One prominent concern is the introduction of chemicals to the environment, which may have detrimental effects on humans and other biota.  As mandated by statute and implemented by rule, the Agency routinely conducts evaluation of chemicals intended for use, currently in use, or determined to exist at significant levels in the environment. From these evaluations, the Agency may decide to implement management strategies designed to limit the potential for adverse effects.

The application of novel technologies such as the use of biotechnology as a substitute to conventional manufacturing and processing of raw materials into final products is consistent with the mission of the Agency.  EPA implements this by supporting development of technologies which 1) use chemical substitutes that are less toxic; 2) produce more efficient activity resulting in decreased requirement for the chemical or; 3) develop engineering procedures which produce little or no toxic end products. Finally, consistent with the pollution prevention ethic is the reevaluation of chemical stewardship from one of "cradle to grave" to a more multigenerational philosophy in which a chemical may be utilized successively in different forms prior to final disposal. Metabolic engineering has a role to play by enabling the development of biological mechanisms for production or use that meet one or more of these criteria.

While it is generally accepted that chemical-based technologies have evolved to provide a higher standard of living for the general population, it is also recognized that the use of some chemicals, either through the chemical characteristics or the handling, synthesis or disposal, have produced negative effects on human health and/or the environment. Advances in technology allow scientists to better predict the potential for adverse effects from exposure to chemicals as well as mechanisms to diminish the negative effects of chemical production such as production of toxic byproducts and disposal of the chemical. The approach, which strives to identify synthetic pathways that are less polluting than existing pathways and that encourages the development of nontoxic chemical products, is referred to as "Green Chemistry".  The use of metabolic engineering to evaluate the potential for increased risk from chemicals, by allowing the study of responsible metabolic pathways and by permitting modification of such pathways to reduce risk, is another way in which metabolic engineering firs within the EPA mission.

Finally, basic research, which utilizes methods of metabolic engineering, can provide longer-range approaches to assist EPA in its overall mission of protecting human health and the environment.  The EPA supports extramural metabolic engineering research through the Technology for a Sustainable Environment (TSE) program, which awards grants in the area of pollution prevention.  Since 1995, the TSE program has funded metabolic engineering research related to methanol conversion, solvent tolerance, biopolymer production and pesticide production-all focused on the elimination of pollution at the source.

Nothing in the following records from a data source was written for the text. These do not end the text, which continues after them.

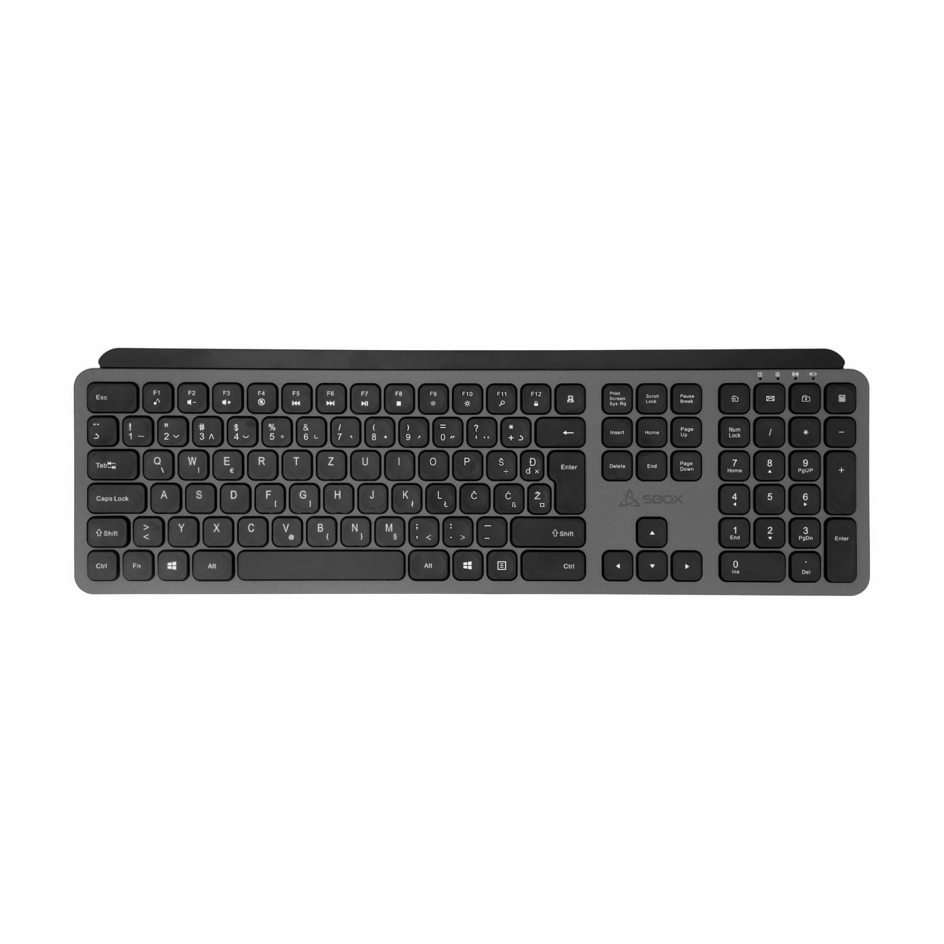 Paket uključuje: 1× SBOX tipkovnica bežična crno siva SLO WK-26
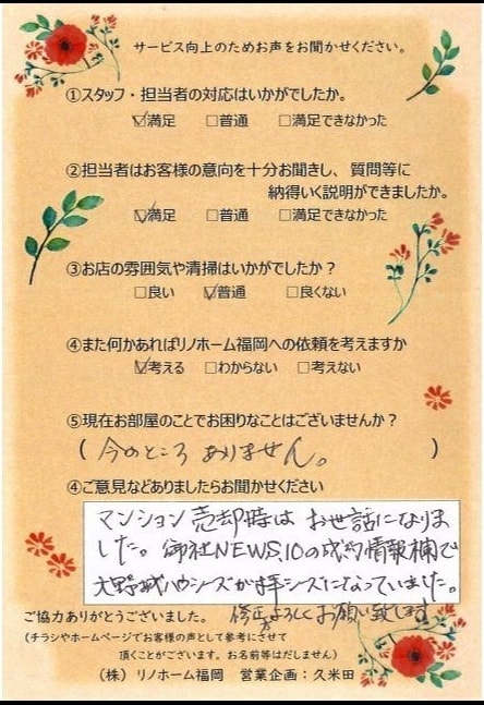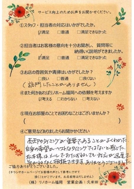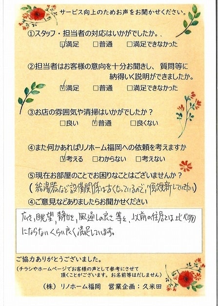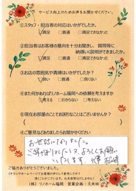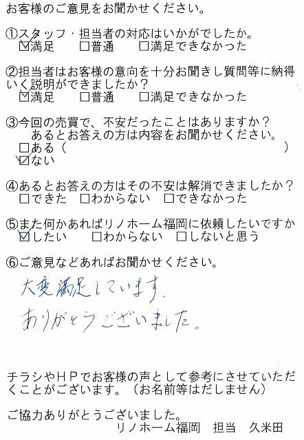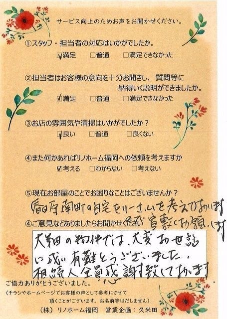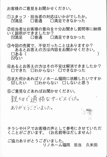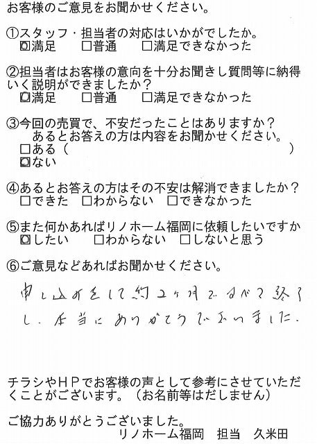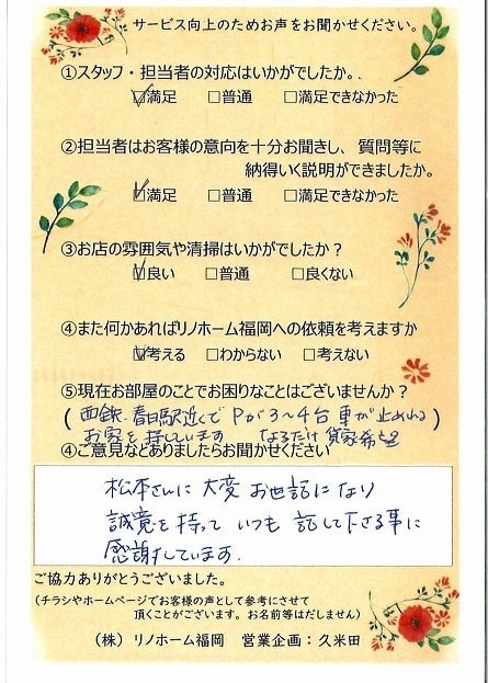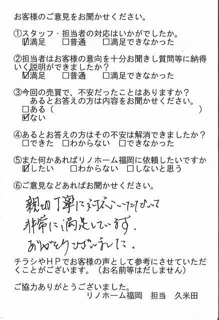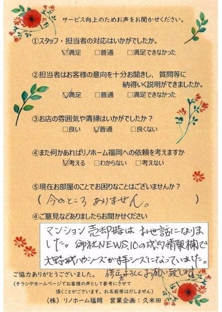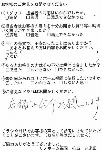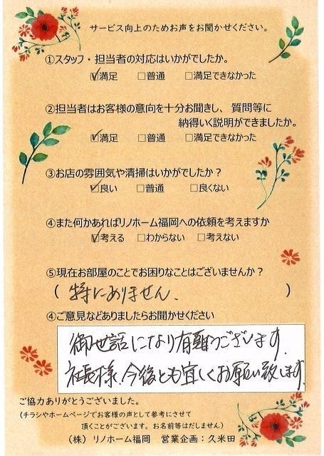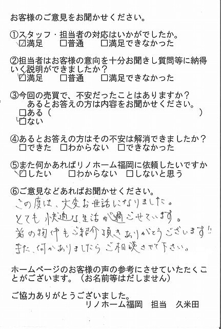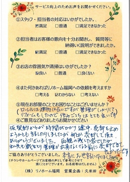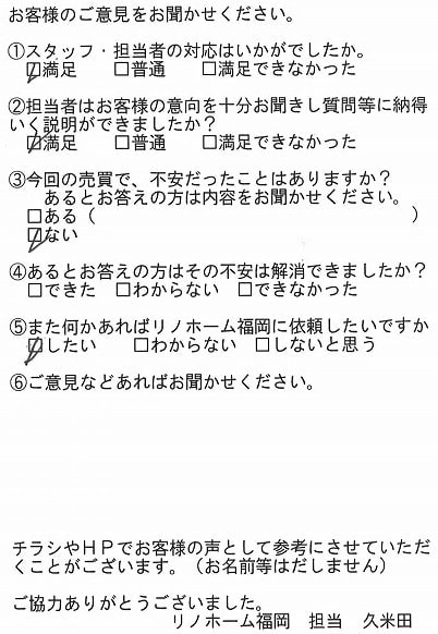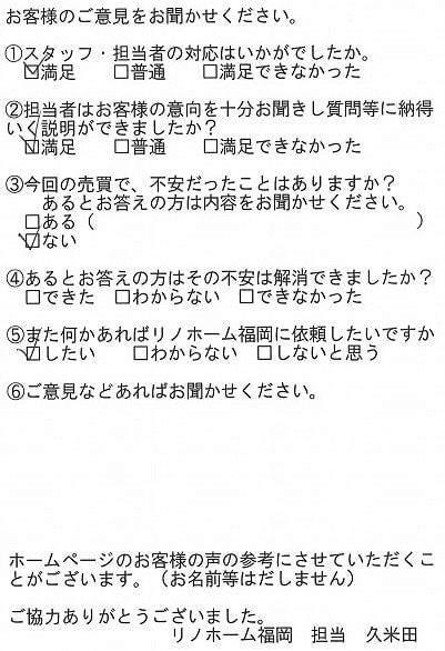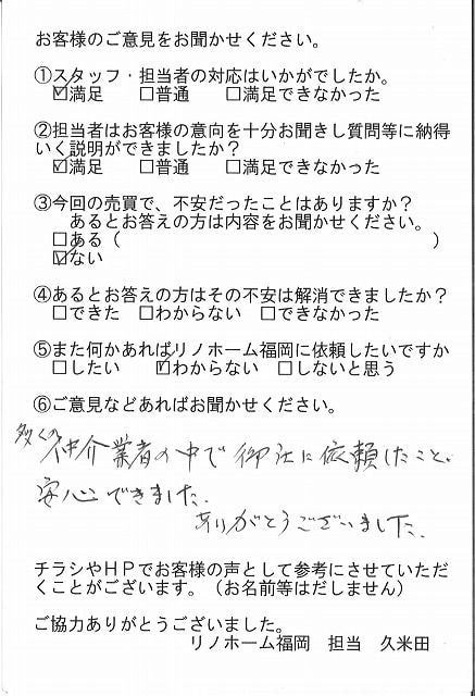 | 早良区 マンションご購入のお客様 | その節は、大変お世話になりました。リノホームさんへお願いしてからすぐに、買い手が見つかり、思っていた以上に高値で売っていただきました。我家は、親のマンションと私達(長男夫婦)のマンションと2件一緒に売り出し、どちらとも、いい条件のもと、売却することができました。リノホームさんにお願いしてよかったと、家族みんな感謝しています。 |
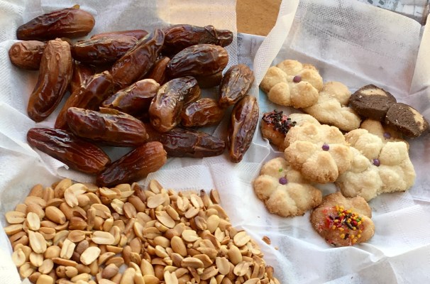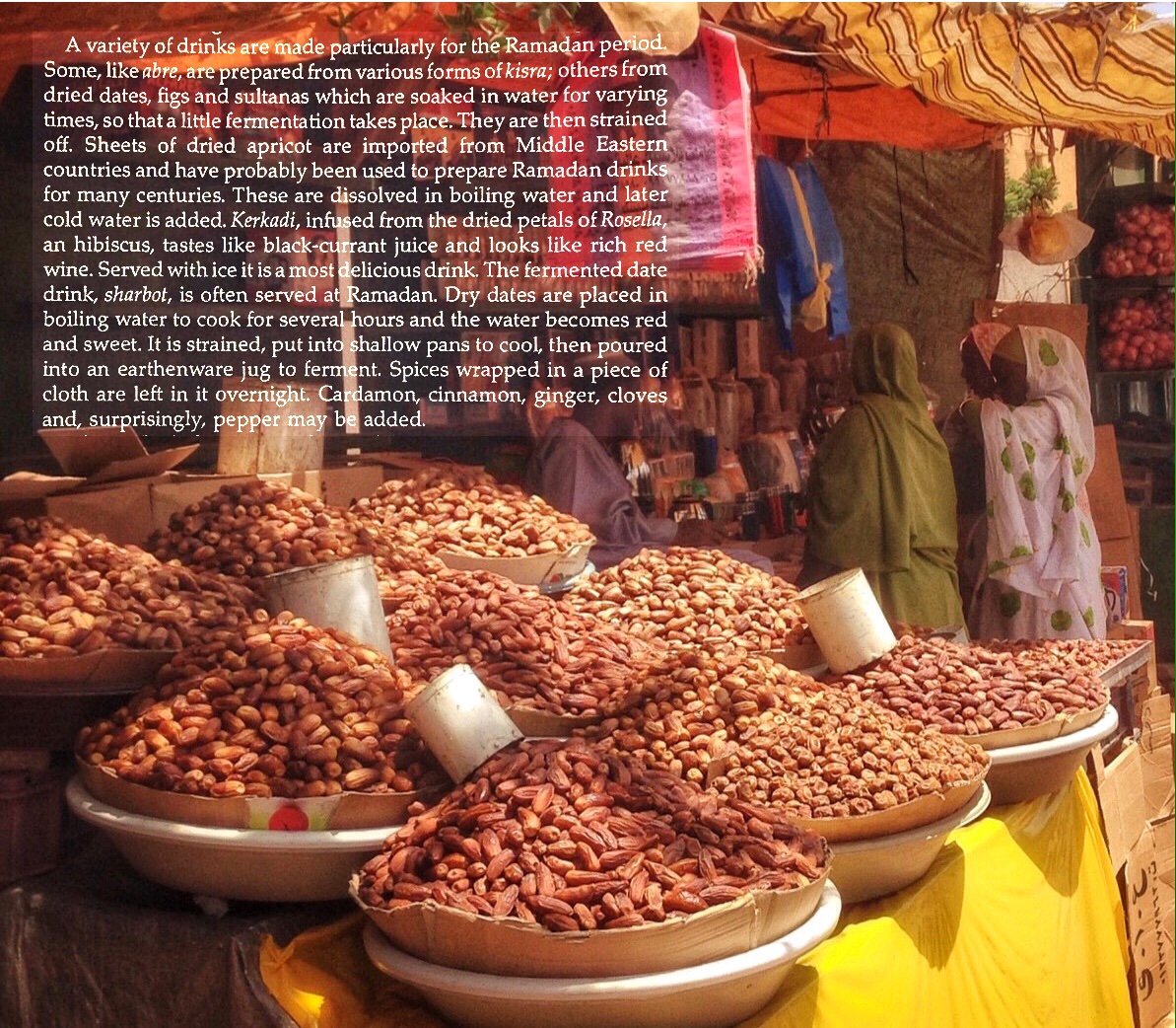 “This was part of the charm of Ramadan, turning day into night, treats of mixed nuts, dried apricots and dates. Badr did not begrudge his family any delicacies. Every day he went to the souq and every day Haniyyah cooked delicious meals and satisfying puddings. It was a month of plenty, and he marvelled at how rigourous it was, and at the same time buoyant; solemn, and at the same time merry, with the children playing football in the street by the light of Ramadan lanterns.” Left, Ramadan dates, biscuits and nuts.

One of NASA’s strategic goals is to extend the duration & boundaries of human space flight to create new opportunities for exploration & discovery. To prepare for and hasten the journey, the NASA Office of Biological and Physical Research must address the following questions through its research:

NASA’s efforts in the area of metabolic engineering are on approaches and applications that will have a significant impact on the reduction of required mass, power, volume, crew time, and on increased safety and reliability, beyond the current baseline technologies. The targeted and purposeful alteration of metabolic pathways found in an organism may play a key role in the development of biological approaches and technologies that enable efficient use of spacecraft resources for long-duration space missions.

The National Institute of General Medical Sciences (NIGMS) supports metabolic engineering research, usually in the form of grants to investigators in universities (R01s) or in small businesses (SBIRs).  These grants support basic research in two general areas: (1) the development of microbial or plant-based metabolic routes to useful quantities of small molecules such as polyketides; (2) the development of a much better understanding of the control architecture that integrates the genetic and catalytic processes in normal and aberrant cells. 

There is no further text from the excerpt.